[What is required]: Return the lines that run from the beginning of the entries to the line holding "Ярче всего, судя", inclusive, and drop the pictures.

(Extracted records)
================================

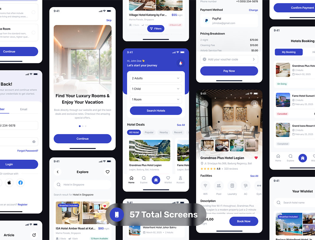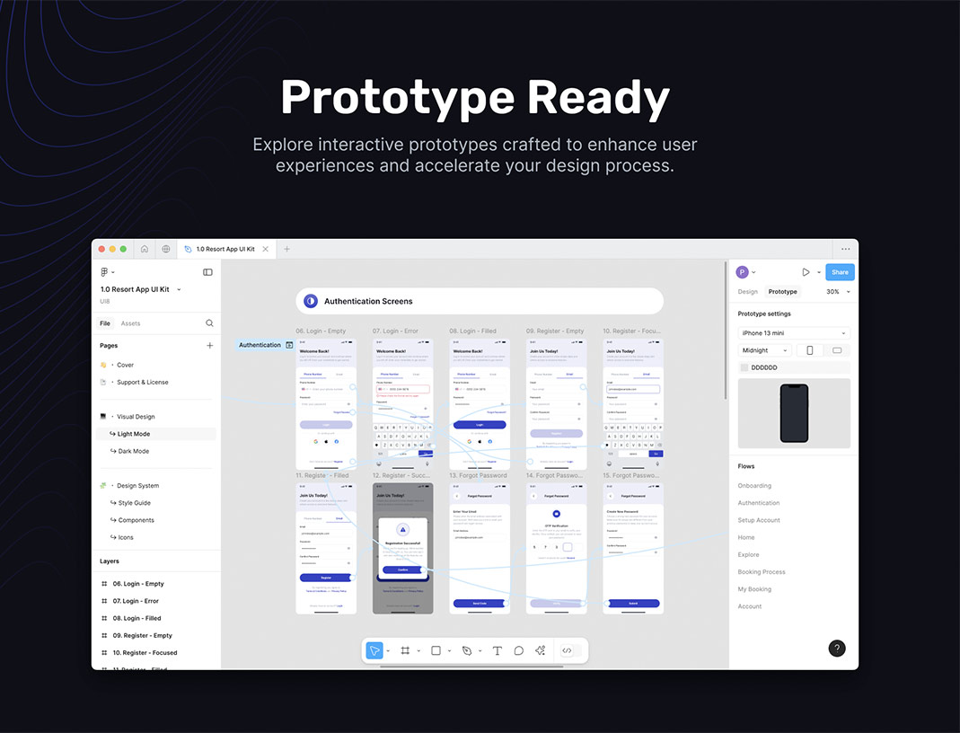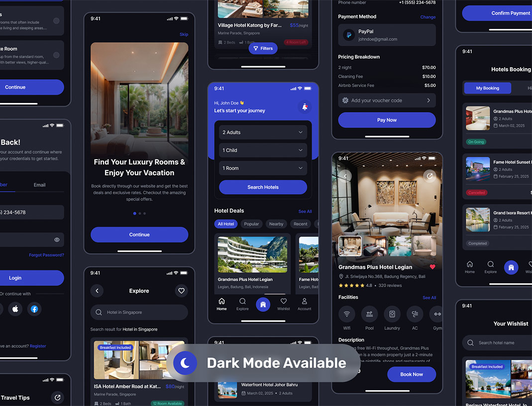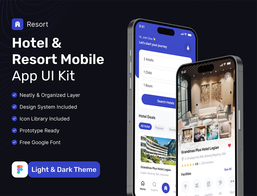 明暗共104页邮轮 - 酒店和度假村预订APP带交互UI设计figma格式
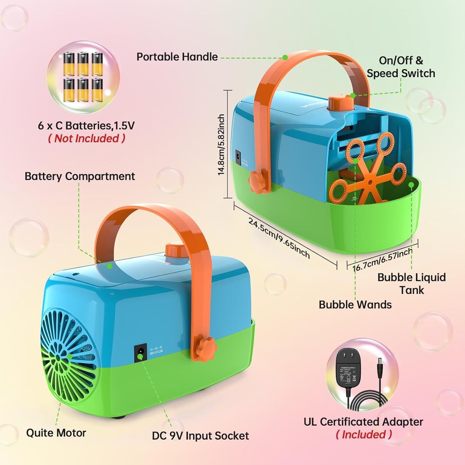 Bubble Machine Automatic Blower 2 modes 18000 Big Bubbles Per Min Kids Toys
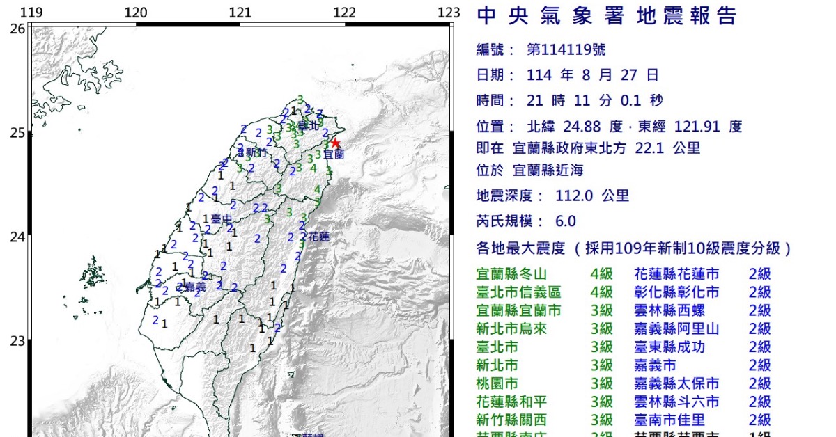 宜蘭昨晚(27日)發生規模6.0地震,恰巧遇上農曆7月5日,被網友聯想日本漫畫家龍樹諒「2025年7月5日大災難」的預言。(圖/翻攝自氣象署)
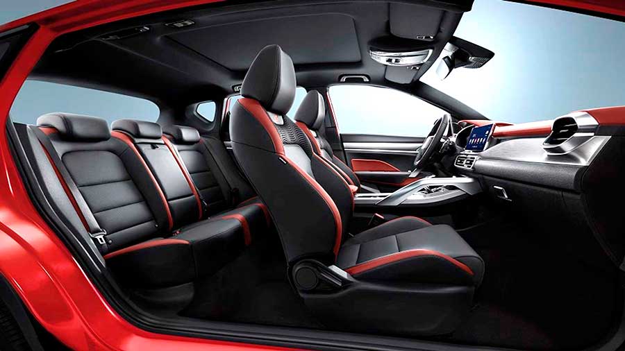 Ярче всего, судя по фото, выглядит передок паркетника. Начинается он с сильно наклоненного ветрового стекла, переходящего в невысокий, но кряжистый моторный отсек. Его украшает крышка капота, слегка наклоненная вперед и отмеченная гранями продольного рельефа. Сразу перед ним красуется тонкий пятиугольник радиаторной решетки с хорошо заметным шильдиком компании. Его изящность подчеркивается снизу хромированной линией, визуально соединяющей друг с другом узкие, длинные головные фары, где внутри будут ксеноновые и светодиодные огни.
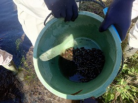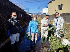 あわせ、中郷地域を流れる長伏掘りにて、ホタルの餌であるカワニナの引越し作業を加和太建設の職員さんの支援を受けて行いました。この後、源兵衛川に放流しましたが、来年もまたカワニナを補給していければと考えています。本当に人の手が加わると見違えるように綺麗になりますね。満足・満足です。
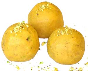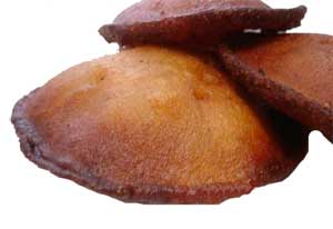 - Heat ghee in frying pan, drop small pellets of dough gently into ghee and deep fry till it turns reddish brown in colour.
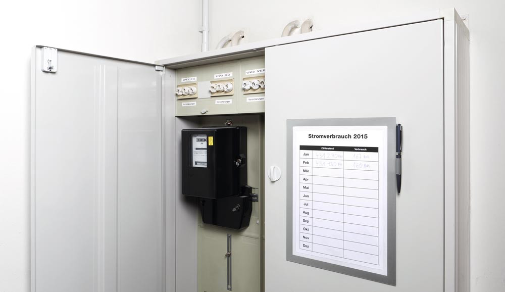 selbstklebend · Format DIN A4 · magnetische Vorderseite für schnelles und bequemes Wechseln von Informationen · direktes Beschriften des Dokumentes · Füllhöhe bis zu 5 Blatt 80g/qm · Stiftehalter für alle Stifte mit Befestigungsclip · haftet dauerhaft auf allen glatten Oberflächen
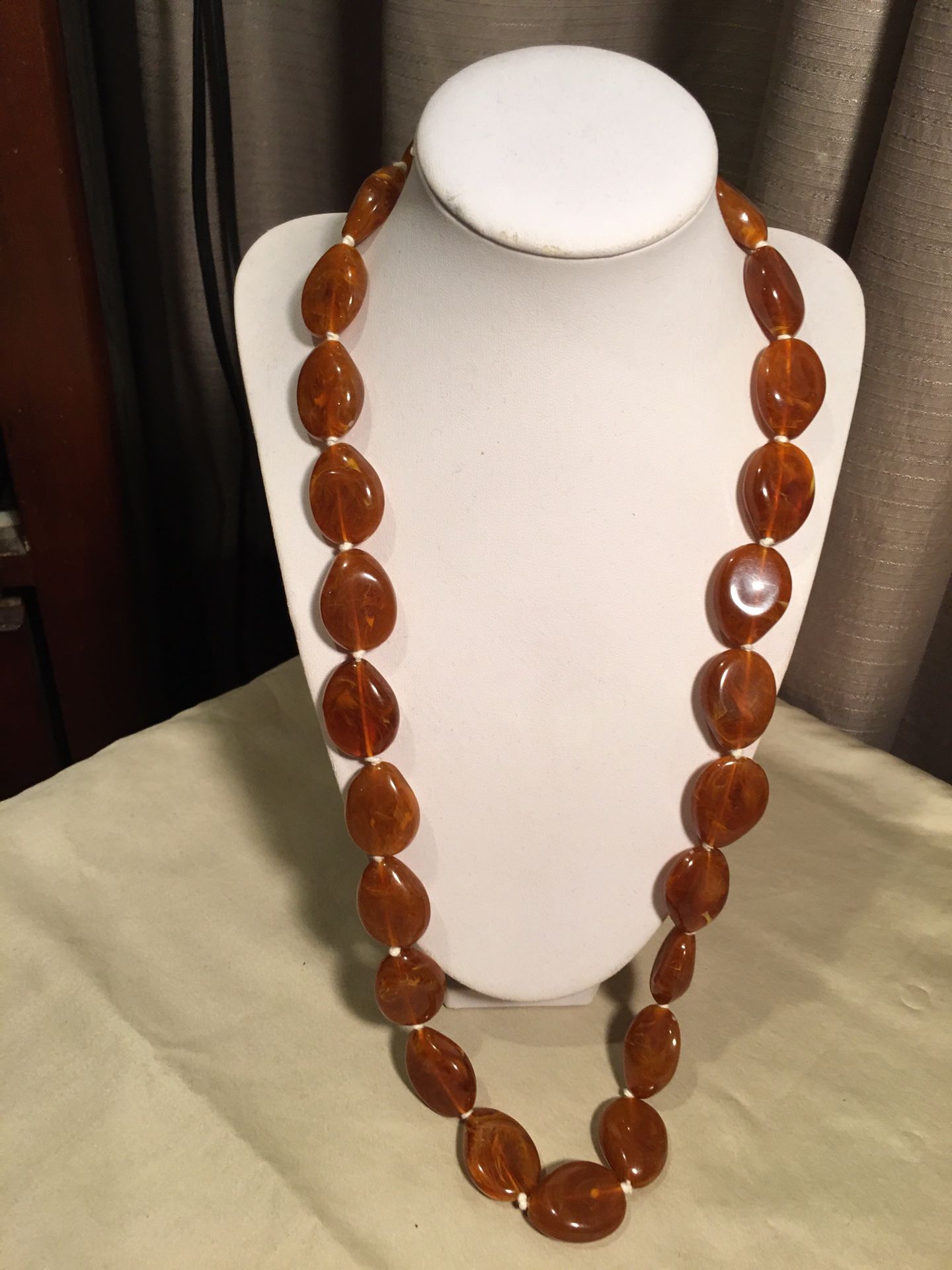 This necklace measures 28” long. Each bead is 1” long by 5/8” wide by 1/4” deep. The cord is knotted between each bead. It is in very good condition.
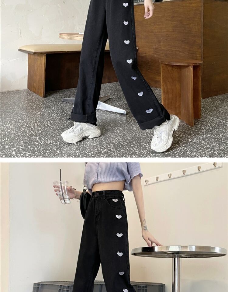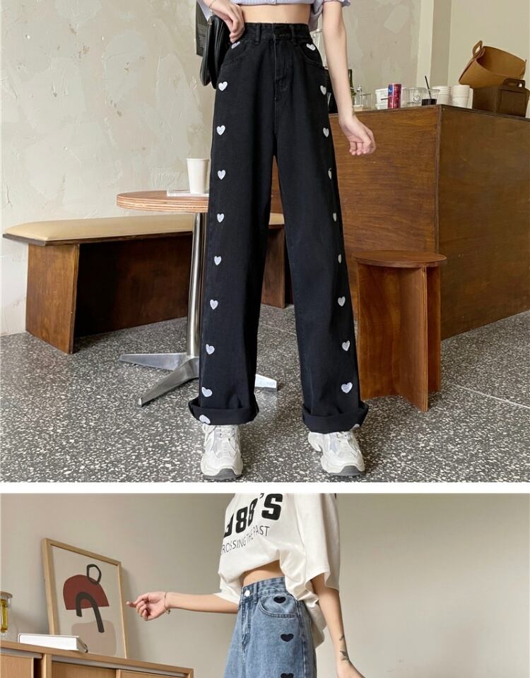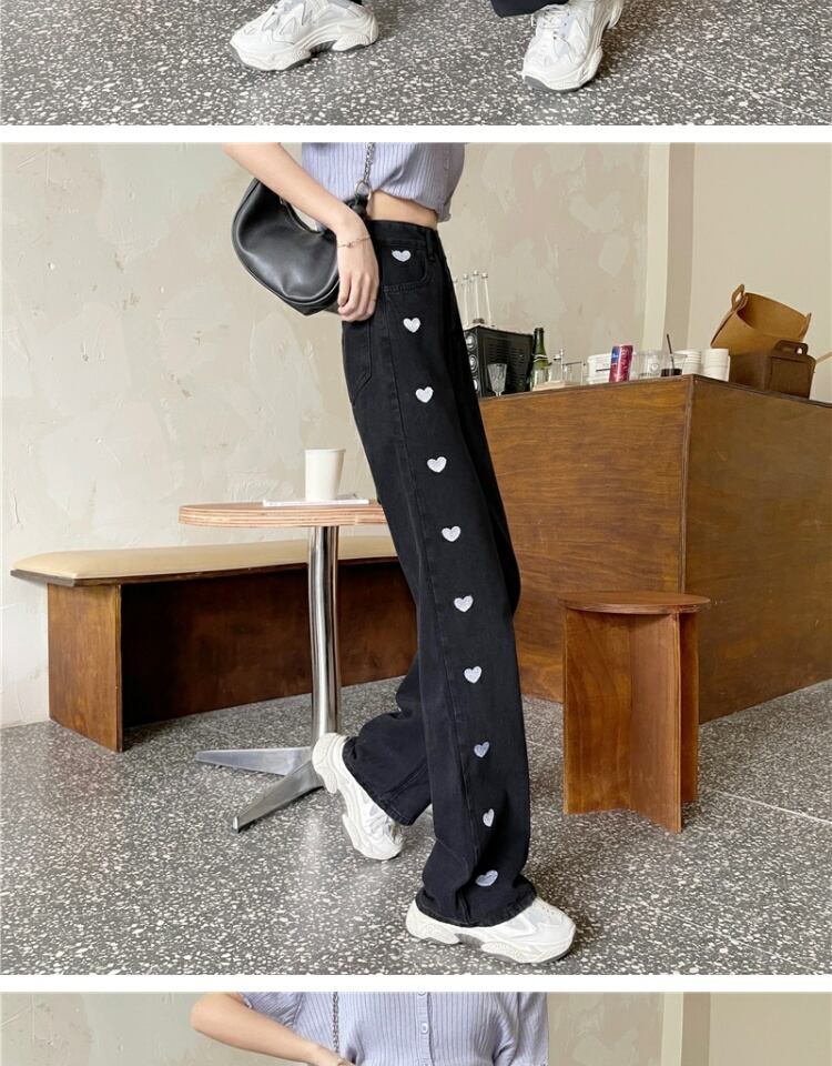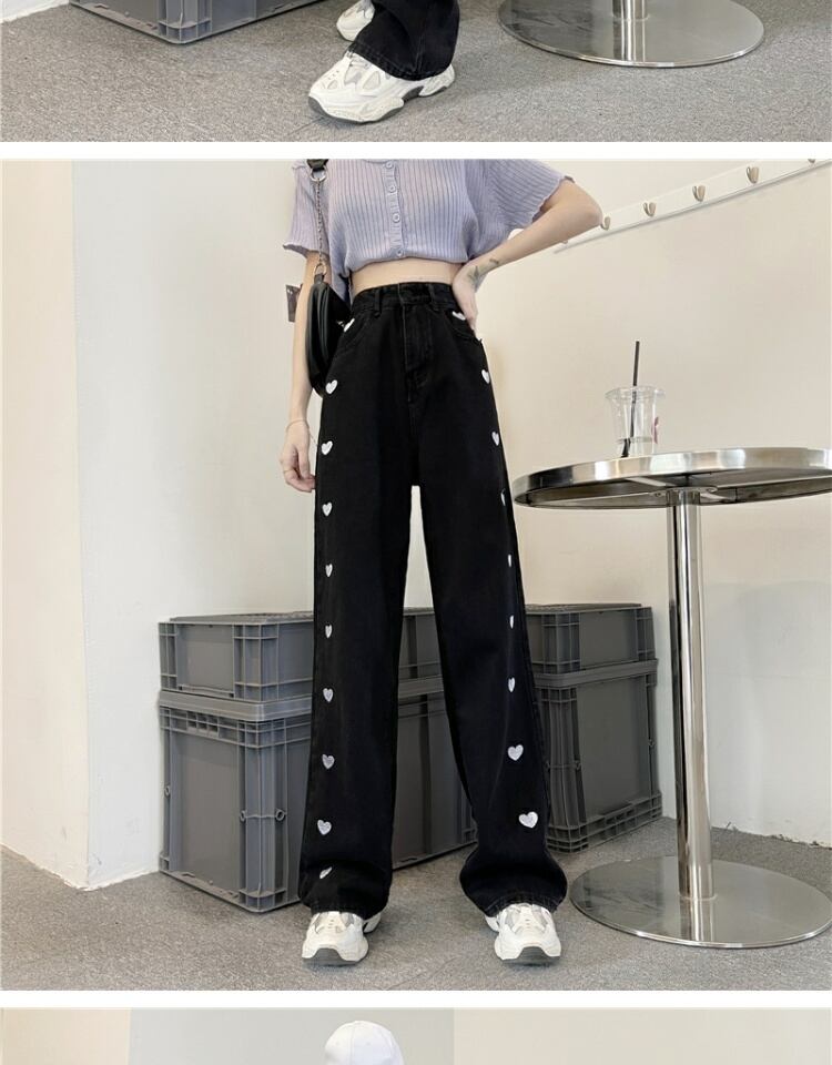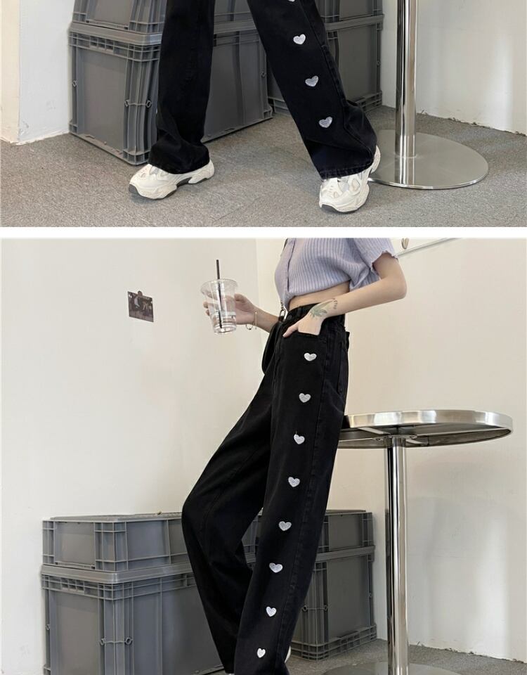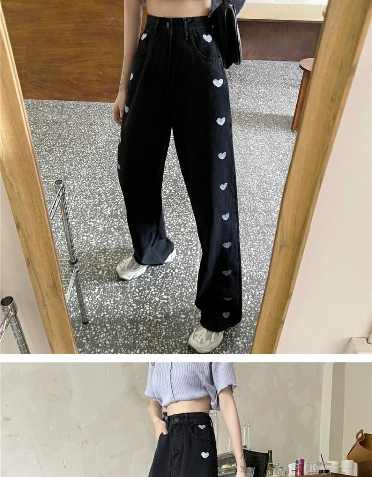ブラックジーンズ オータム薄手パンツ ルーズ レッド 秋物 萌量不足2650844184
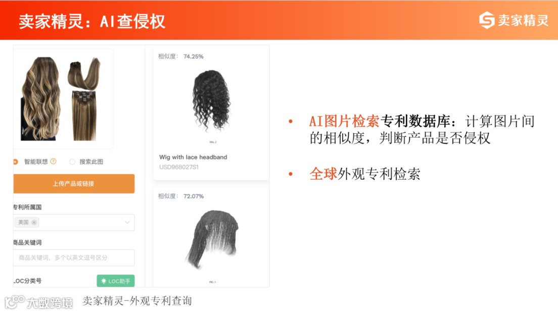 接着,卖家精灵Wendy提到跨境卖家比较头疼的事——产品外观专利。针对这块,卖家精灵外观专利查询,通过AI能帮助大家快速智能识别潜在风险,降低出海隐患等。
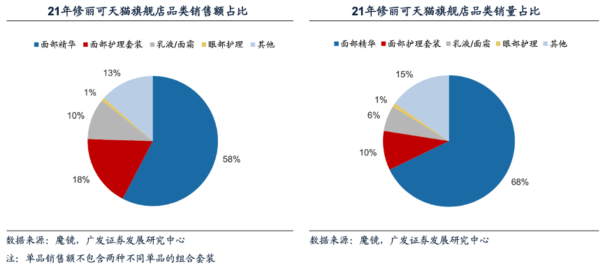 經(jīng)典案例:根據(jù)魔鏡、廣發(fā)證券發(fā)展研究中心等綜合資訊表明,2021年修麗可天貓旗艦店接近六成銷售額及七成銷量來(lái)源于面部精華品類,面部護(hù)理套裝和乳液/面霜品類分別貢獻(xiàn)約兩成及一成銷售額;2020-21年修麗可面部精華品類銷售額在天貓面部精華類目占比由2.8%增至5.0%,乳液面霜品類銷售額在天貓乳液面霜類目占比由0.5%增至1.1%。

================================

[Answer space]:
 明暗共104页邮轮 - 酒店和度假村预订APP带交互UI设计figma格式
 Bubble Machine Automatic Blower 2 modes 18000 Big Bubbles Per Min Kids Toys
 宜蘭昨晚(27日)發生規模6.0地震,恰巧遇上農曆7月5日,被網友聯想日本漫畫家龍樹諒「2025年7月5日大災難」的預言。(圖/翻攝自氣象署)
 Ярче всего, судя по фото, выглядит передок паркетника. Начинается он с сильно наклоненного ветрового стекла, переходящего в невысокий, но кряжистый моторный отсек. Его украшает крышка капота, слегка наклоненная вперед и отмеченная гранями продольного рельефа. Сразу перед ним красуется тонкий пятиугольник радиаторной решетки с хорошо заметным шильдиком компании. Его изящность подчеркивается снизу хромированной линией, визуально соединяющей друг с другом узкие, длинные головные фары, где внутри будут ксеноновые и светодиодные огни.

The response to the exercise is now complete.